Más allá de esa tara freudiana, estos ladrones que piensan que todos son de su condición incurren en un grave error de diagnóstico que tal vez ha de salirles caro. Ya no estamos en los días del soberanismo romántico e historicista. Perviven, es cierto, las visiones mitológicas, un tanto de sentimentalismo acrítico y, por supuesto, banderas y símbolos a tutiplén. Pero todo eso, que jamás desaparecerá porque forma parte esencial de las ansias de independencia de cualquier pueblo que se precie, empieza a ser parte del envoltorio de un fenómeno en el que cada vez el corazón y la cabeza funcionan en mejor sintonía. Poco a poco, la aspiración a convertirse en un estado se sustenta menos en deseos primarios y más en interpretaciones racionales de hechos. Muchas personas que jamás habían dado síntomas de nacionalismo pasional han ido adquiriendo la convicción nada arrebatada de que las recetas que vienen de Madrid son trágalas que no solo no solucionan sus problemas sino que los agravan.

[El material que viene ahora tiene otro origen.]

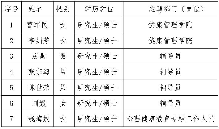 根據陜西省人社廳《關于陜西省事業(yè)單位公開招聘人員辦法》規(guī)定及《商洛學院2019年人才招聘計劃》,經過資格審查、試講(筆試)、專家面試等環(huán)節(jié)考察,并經院長辦公會2019年3月28日研究,同意招聘曹軍民等7位同志來我校工作,現予以公示。如有異議,請于2019年4月1日前向人事處或監(jiān)察室反映。

Resulta llamativo que ante este desafecto creciente hacia la idea de España (nada que ver con el clásico antiespañolismo visceral, insisto), la respuesta del poder central sea tensar más la cuerda y, de propina, ofender al personal con membrilleces como las de las obsesiones identitarias y otras del pelo.

Totalitarismo democrático

Confieso que esta es una versión de la columna de ayer, aunque prometo repetirme lo justo y necesario para ver si soy capaz de dejar descrita una corriente de pensamiento y acción que cada vez parece gozar de mayor predicamento. Seguramente habrá un nombre mejor, pero yo la he bautizado como totalitarismo democrático. Se diría que lo primero se opone a lo segundo y viceversa, dando lugar a un oxímoron del nueve largo. Sin embargo, es en la contradicción de términos donde reside la gracia del asunto, o sea, la desgracia.

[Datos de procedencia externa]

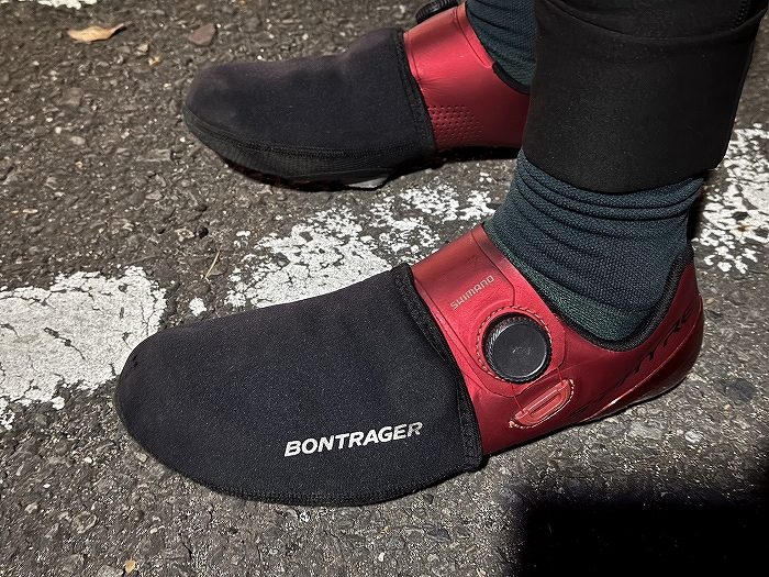 ソックスはデフィートの通年タイプ。自転車用の中ではしっかりした生地感なので秋冬にも最適。蒸れる感じもありません。

De nuevo, el punto de partida es la negación del derecho a decidir y, más concretamente, la argumentación que la acompaña. Si se han fijado, buena parte de los que rechazan con toda la contundencia de su ser que se consulte a la ciudadanía qué quiere ser o dejar de ser lo hacen en nombre de la democracia. Se presentan, de hecho, ¡manda narices!, como los únicos demócratas genuinos y tildan de reaccionarios descojonaconvivencias a los que, a riesgo de ser derrotados, están dispuestos a someter sus ideas al veredicto de los urnas. Bajo el banderón de la libertad se ciscan en la libertad, y encima tienen los bemoles de hacerse los ofendidos y soltar tremebundas filípicas que básicamente se resumen en la idea de que preguntar al pueblo sobre cuestiones que le atañen es destapar la caja de los truenos, además de una antigualla que ya no se lleva. Y como el balón es suyo, o se juega con sus reglas, o vienen los tanques, a ver quién se aparta antes.

Estamos ante una vuelta de tuerca corregida y aumentada de la democracia orgánica de los vencedores de la guerra de 1936. El razonamiento de partida es el mismo: puesto que las urnas son la raíz de todos las catástrofes porque los ciudadanos se empeñan en votar lo que no conviene, eliminemos la tentación de votar mal. La diferencia es que técnicamente ahora no estamos en una dictadura. Solo en una democracia totalitaria, qué bien.